Figure 3. Hope Diamond (25.60 by 21.78 mm, 45.52 carats), which has a total boron content between 0.2 and 8 ppm (Gaillou et al. 2012). PHOTO COURTESY OF JEFFREY POST OF THE SMITHSONIAN INSTITUTION
There is more than just scientific interest in boron. This element, which derives its name from borax, has been widely used in a variety of industries. Borax glazes were used in China as early as 300 AD. Lake Yamdok Cho (Tibet) was the only source of borax known to the ancient world and by 1100 AD trade along the Silk Road was bringing borax from Tibet to Arabia, where goldsmiths used it as a flux (Emsley 2001). Boron compounds have also found wide application in the manufacture of abrasives (e.g. “Borazon,” boron nitride, BN), heat-resistant glass (e.g.
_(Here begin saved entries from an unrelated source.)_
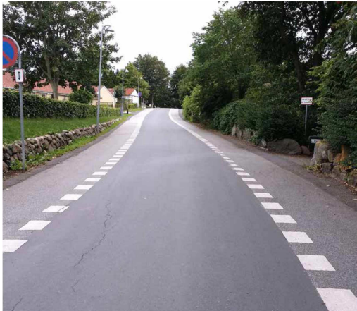
Bygaden i Jyllinge, Roskilde kommune.

Cowi har gennemført en undersøgelse om kommunernes brug af 2 minus 1 veje for Vejdirektoratet. På Vejforum 2015 vil vi præsentere hovedkonklusionerne fra undersøgelsen. Her følger resultaterne kort: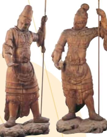
〔重要文化財〕 《四天王立像》 出雲・萬福寺(大寺薬師)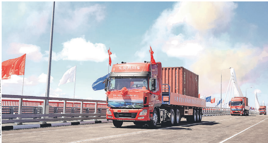
По мосту проехали первые грузовики - восемь машин из Китая и восемь из России.

В торжественной церемонии участвовали полпред Президента РФ в ДФО Юрий Трутнев, министр транспорта РФ Виталий Савельев, министр по развитию Дальнего Востока и Арктики Алексей Чекунков, а также высокопоставленные китайские чиновники. А на месте присутствовали губернатор провинции Хэйлуцзян Хуа Чаншэн и губернатор Амурской области Василий Орлов.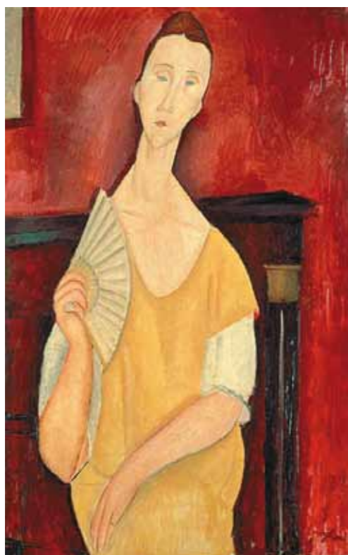
1. Amedeo Modigliani: Nő legyezővel, 1919 Musée d'Art Moderne de la Ville de Paris, Párizs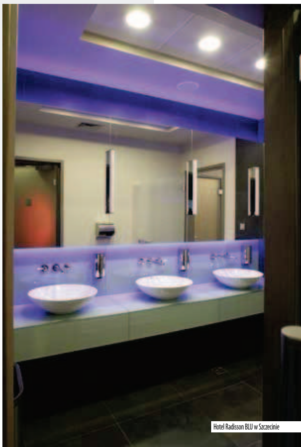
Hotel Radisson BLU w Szczecinie

Oprócz wiedzy, doświadczenia i talentu, w zawodzie architekta ważna jest znajomość psychologii. Czasami niektórzy klienci nie mówią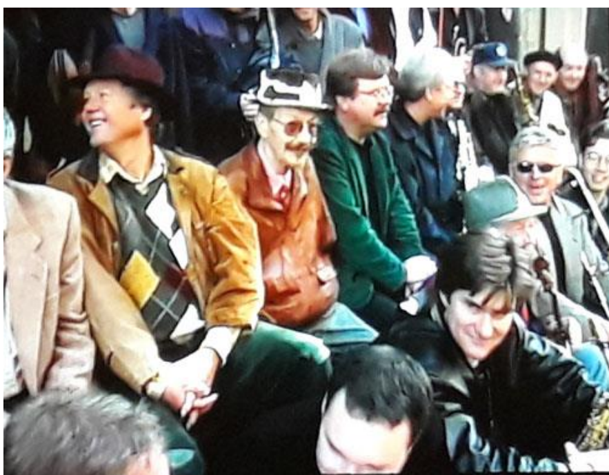
Det var under mycket glam och støj, som de numera lite ålderstigna musikerna radade upp sig för gruppfotot.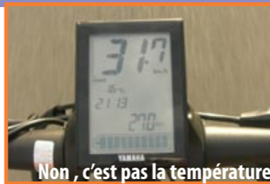
Non , c'est pas la température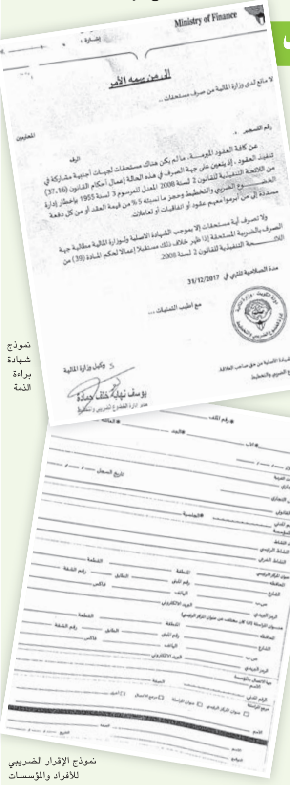
نموذج شهادة براءة الذمة

9 - كتاب تعهد الشركة بأسماء مقولين الباطن إذا وجد. وتستهدف الحكومة الكويتية زيادة إيرادات الضرائب بما يساعد على مواجهة عجز الموازنة الذي عانى منه الاقتصاد الكويتي في السنوات الأخيرة وبرزت تلك المصادر ضريبة الدخل إضافة إلى سعي الحكومة الكويتية لاستنباط اوعية ضريبية جديدة مثل ضريبة القيمة المضافة والضريبة الانتقائية والتي تستهدف إيرادات تتخطى مليار دينار ما سيساهم بشدة في معالجة العجز بعيداً عن الاعتماد على إيرادات النفط. وتضع الحكومة الكويتية خطة تنمية اقتصادية شاملة تعتمد على قطاعات غير نفطية وذلك في ظل تذبذب أسعار النفط خلال السنوات الماضية تقوم على خريطة مشروعات عملاقة في كافة القطاعات الاقتصادية تمتد حتى 2035 وأبرز تلك المشروعات التنموية المصفاة الرابعة ومشروع القودس البيئي ومستشفى جابر ومدينة الحرير وجسر بوبيان وميناء مبارك وغيرها من المشاريع، فضلاً عن دعوة صندوق النقد الدولي للكويت لفرص ضريبة الدخل على الشركات المحلية، وإدخال الرسوم على مراحل وإعادة النظر بسياسة الدعم، خاصة أن الكويت لن تتمكن من الاستمرار في النموذج الحالي للنمو لوقت طويل - بحسب تقرير صندوق النقد الدولي - وسط توقعات بضعف سوق النقد لمستويات حرجة بحلول 2017.

Pyrex), porcelain enamels, and detergents. Although poisonous in large amounts and used in herbicides and insecticides, boron is an essential element for plants and is used in fertilizers to enhance plant growth (Greenwood and Earnshaw 1991; Emsley 2001). It also is used in medicine, such as boron neutron capture therapy for cancer (e.g. Kueffer et al. 2013). A few boron minerals can be gemstones, of which tourmaline is by far and away the most prized because of its variety of colors. Tourmaline caught the eye of jewelers in the 14th century, nearly 400 years before a gemstone from Ceylon (now Sri Lanka) was recognized as a distinct mineral and given the name turamalin by Amsterdam lapidaries (Pezzotta and Laurs 2011). Another gemstone of interest is the natural type IIb blue diamond. This is the only gemstone that derives its color from boron, caused by electronic absorption in the red portion of the spectrum. This rarest of colors is among the most valuable on the diamond market (Gaillou et al. 2012). A prime example is the Hope Diamond (FIG. 3). Gaillou et al. (2012) wondered about the source of the boron in these diamonds—did it originate in the mantle or could it have been sourced from deeply subducted crustal material? The latter possibility is no longer outlandish: Dobrzhinetskaya et al. (2014) suggested that qingsongite (BN) formed at 10–15 GPa from mantle nitrogen and crustal boron, the latter from a fragment of pelitic rock subducted to mid-mantle depths. Processes associated with formation of Earth’s crust have not only separated and concentrated boron, which then became available for our industrial use, but may also have mixed a little bit of this crustal boron back into Earth’s mantle to create beautiful gemstones.